Head of bearded male wearing Egyptian-style wig. Broken across chin and down to back of head, with upper area of right shoulder partially preserved; missing tip of nose. Plain, undifferentiated wig set low on forehead, falling uniformly to level of chin and terminating in thick rounded end. Sloping forehead; wide-set, almond-shaped eyes with deep cavities at tear ducts; long, thin nose with flaring nostrils; narrow pursed lips forming a faint smile. Smooth beard extends from edge of wig in front of ear, below cheekbones and lower lip; upper lip smooth.

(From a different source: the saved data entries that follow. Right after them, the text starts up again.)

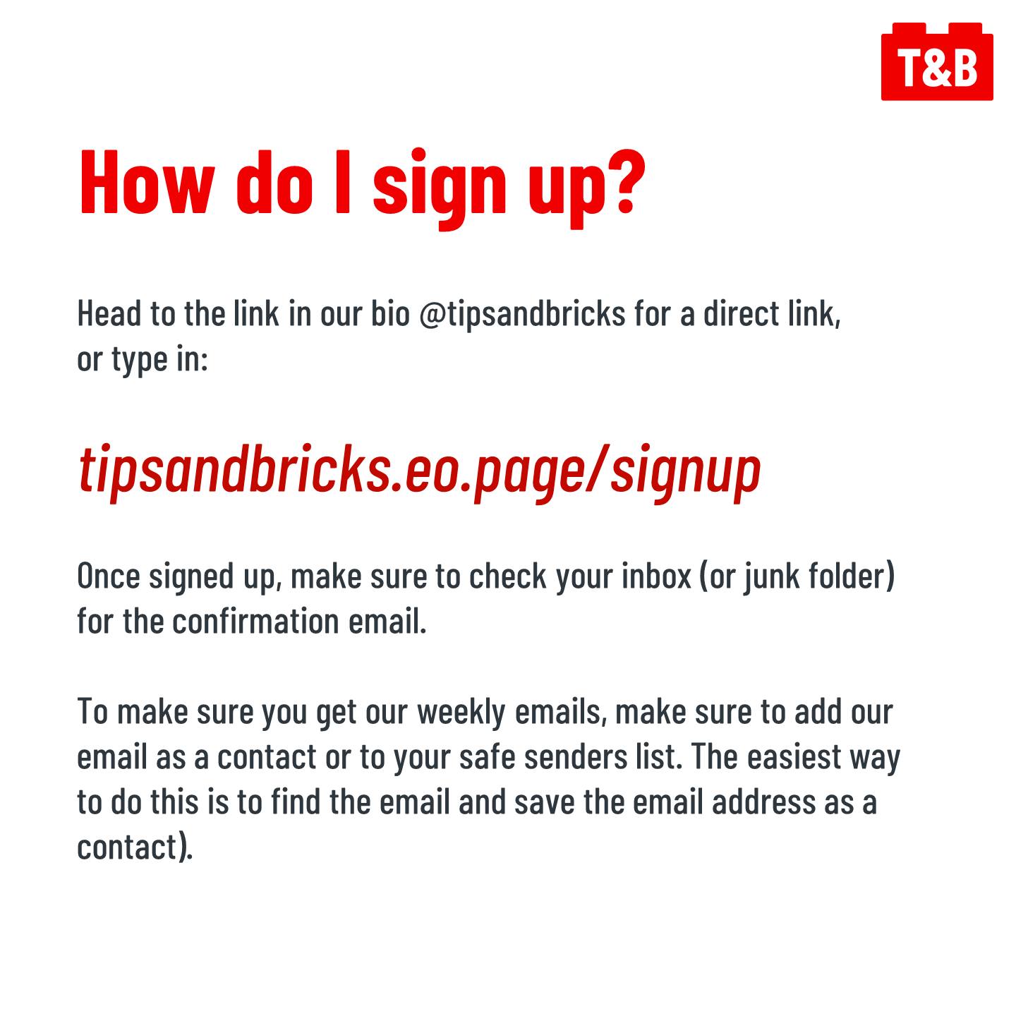 To sign up, head to the link in our bio @tipsandbricks for a direct link, or type in: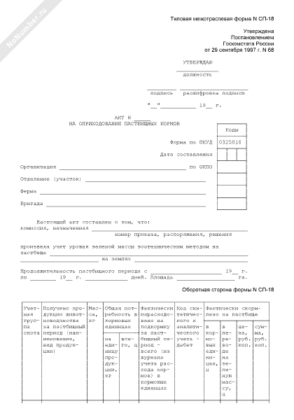 - 323Акт на оприходование пастбищных кормов (типовая межотраслевая форма № СП-18)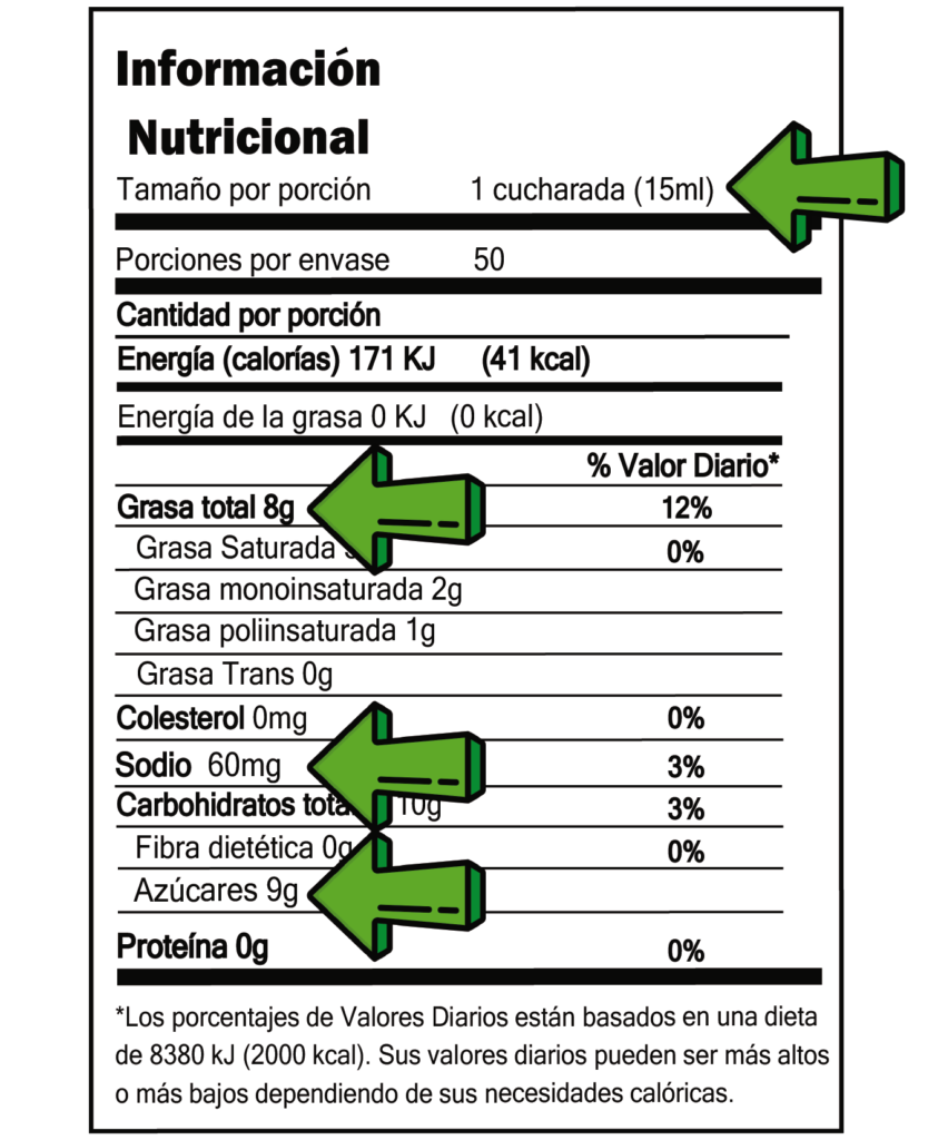 Ejemplo de tabla nutricional de un alimento

According to Mylonas (152–154), the Egyptian wig hairstyle first appears in Cypriot sculpture in the first half of the 6th century BC, and most examples, including the Kelsey Museum head, lack detailed articulation of the shape of the hair, preferring instead to depict it as an undifferentiated uniform mass. Although the Kelsey head has been separated from its body, comparable statues all possess a specific body type, with a belted Egyptian-style apron and pectoral collar. The upper body is either nude or wearing a short-sleeved tunic, with one arm suspended at the side while the other is held with clenched fist across the chest.

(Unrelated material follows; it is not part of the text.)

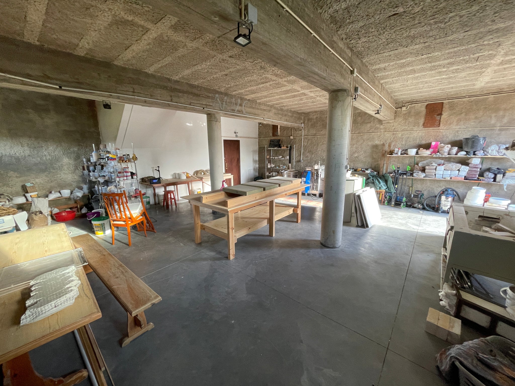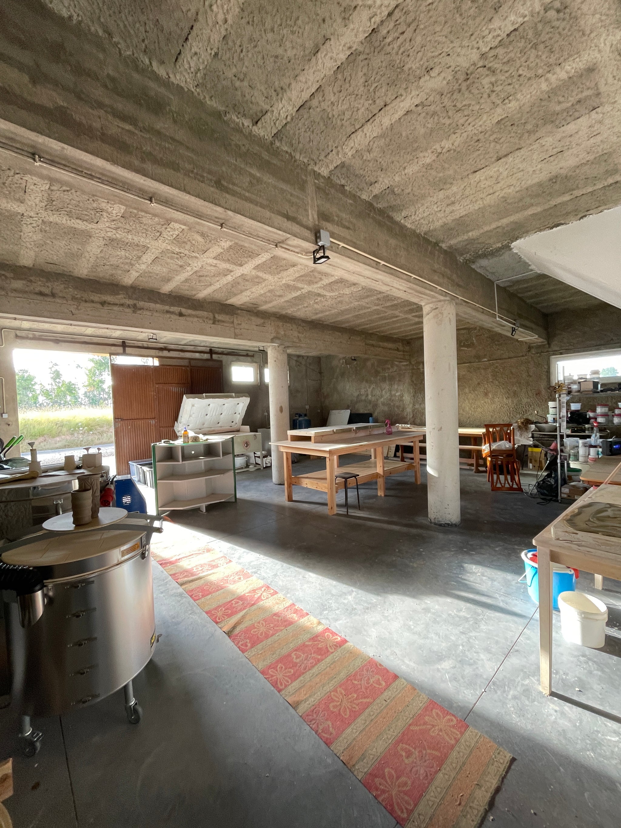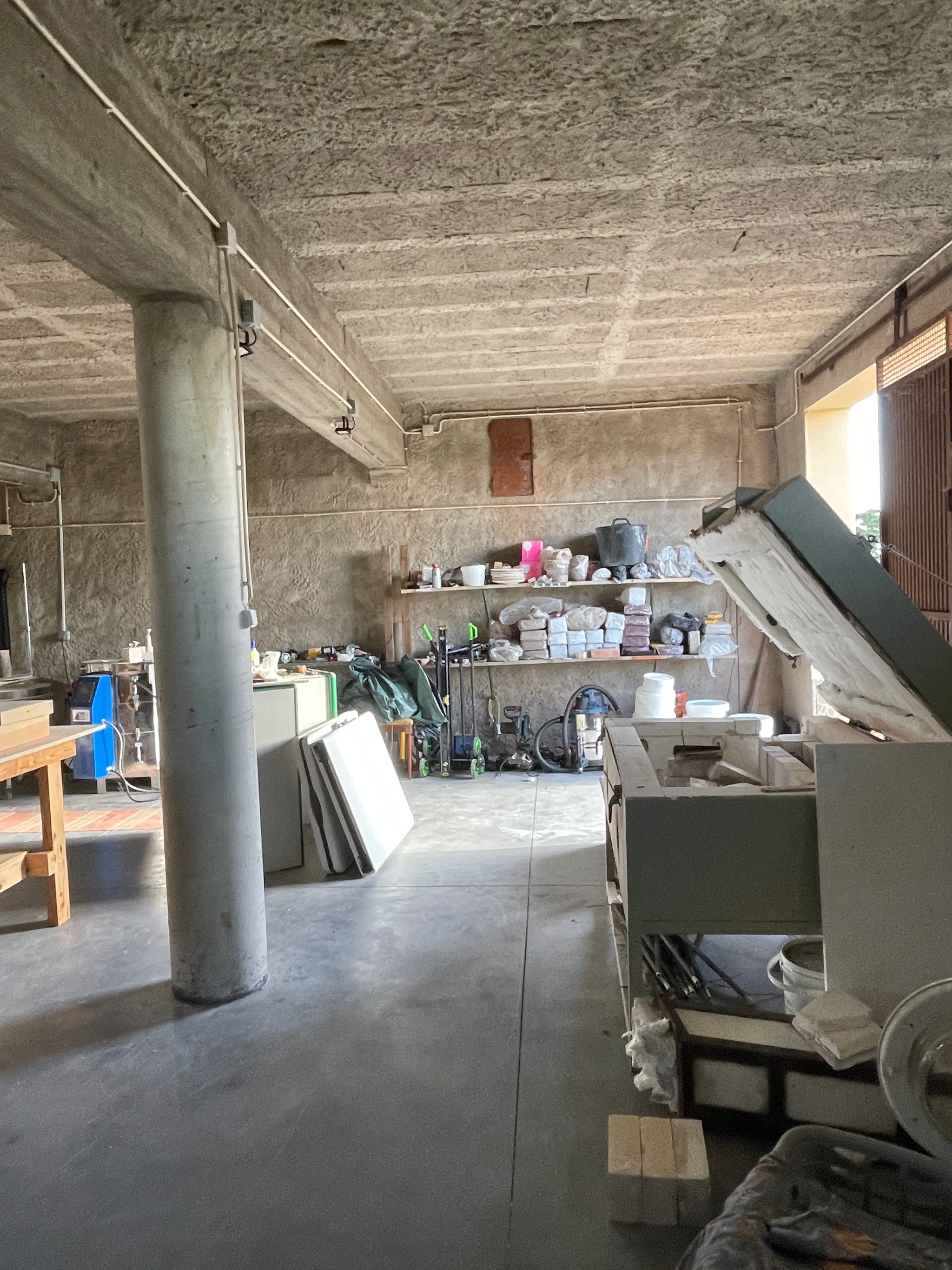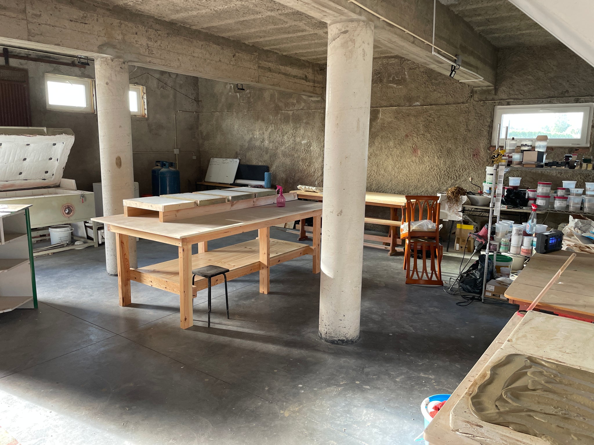 - Glaze area with minerals for mixing glazes, and a few buckets of our in house made glazes.

The Kelsey head has been associated with a workshop or artist who produced several other heads found at the Sanctuary at Golgoi, now in the Metropolitan Museum of Art (Mylonas, 331, n. 1348. See also A. Hermary and J. Mertens, The Cesnola Collection of Cypriote Art. Stone Sculpture [New York 2014] nos. 52, 63, with bibliography). It was likely dedicated as a votive offering at the Sanctuary of Aphrodite at Golgoi, where it was excavated by Luigi Palma di Cesnola in the later 19th century.
F. C. Albertson, Catalogue of the Cypriote Sculptures and Terracottas in the Kelsey Museum of Archaeology, the University of Michigan (Studies in Mediterranean Archaeology 20:4 1991) no. 1, figs. 1a–b; D. G. Mylonas, “Archaische Kalksteinplastik Zyperns: Unterschungen zur Ikonographie, Typologie und formgeschichtlichen Entwicklung der kyprischen Rundplastik der archaischen Zeit” (dissertation, Universität Mannheim 1998) 152–154, 483.